PS 47-64
An R package to simplify analysis of long term vegetation monitoring data at the Shenandoah National Park

Wednesday, August 12, 2015
Exhibit Hall, Baltimore Convention Center
M. H. H. Stevens, Department of Biology, Miami University, Oxford, OH
Wendy B. Cass, Shenandoah National Park, National Park Service, E. Luray, VA
Abigail R. Hyduke, Shenandoah National Park, National Park Service, E. Luray, VA
Wendy W. Hochstedler, Shenandoah National Park, National Park Service, E. Luray, VA
Jing Zhang, Department of Statistics, Miami University, Oxford, OH
Alan B. Williams, National Park Service, Luray, VA

Descriptive data of communities, such as long term monitoring data, can be challenging to summarize, analyze and display. Logistical difficulties include differing needs for database management vs. analysis, missing data elements in large data sets, data entry errors, duplicate records, and periodically updated data sets. Summary and display difficulties include the exploratory and unanticipated nature of the uses of the data, display scales appropriate for both very rare and very abundant taxa, and conflict between best practices vs. convention. Analysis difficulties include spatial and temporal pattern and dependence, responses and predictors collected at a variety of spatial and temporal scales, a wide variety of response variables with non-standard distributions, such as zero-inflated, count and categorical data. Our goal was to create an R package, npsr, to help manage, analyze, and display long term vegetation monitoring data for Shenandoah National Park (SHEN).  The package would be used by analysts and technicians with varied skill levels in statistics and programming. The package takes advantage of RStudio, and requires the Gibbs sampler JAGS, and several other packages, most notably dplyr, ggplot2, R2jags, survey, and tweedie.

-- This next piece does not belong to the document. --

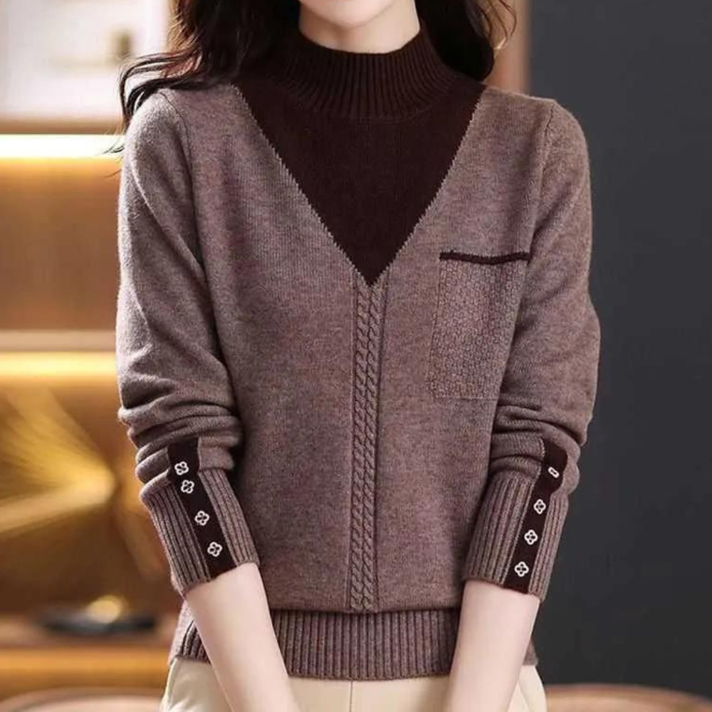 Maglione Donna | Effetto Doppio Strato & Bottoni | Stile Elegante e Moderno

Our R package, npsr, includes functions for data management, processing or cleaning, documentation, as well as data display, summary, and analysis for the wide variety of data types in the long term vegetation monitoring data from SHEN. Data processing functions help find duplicate and missing tag numbers, and organize data by selected taxonomic levels. Data display functions simplify plotting raw data and statistical summaries. Data analysis functions allow design-based analyses for simple summaries and also more complex model-based inference using Gibbs sampling (Bayesian approaches) for projection and generation of credible intervals using highly non-normal distributions. Several vignettes describe data analysis for standard reports and also for assessment of ecological integrity.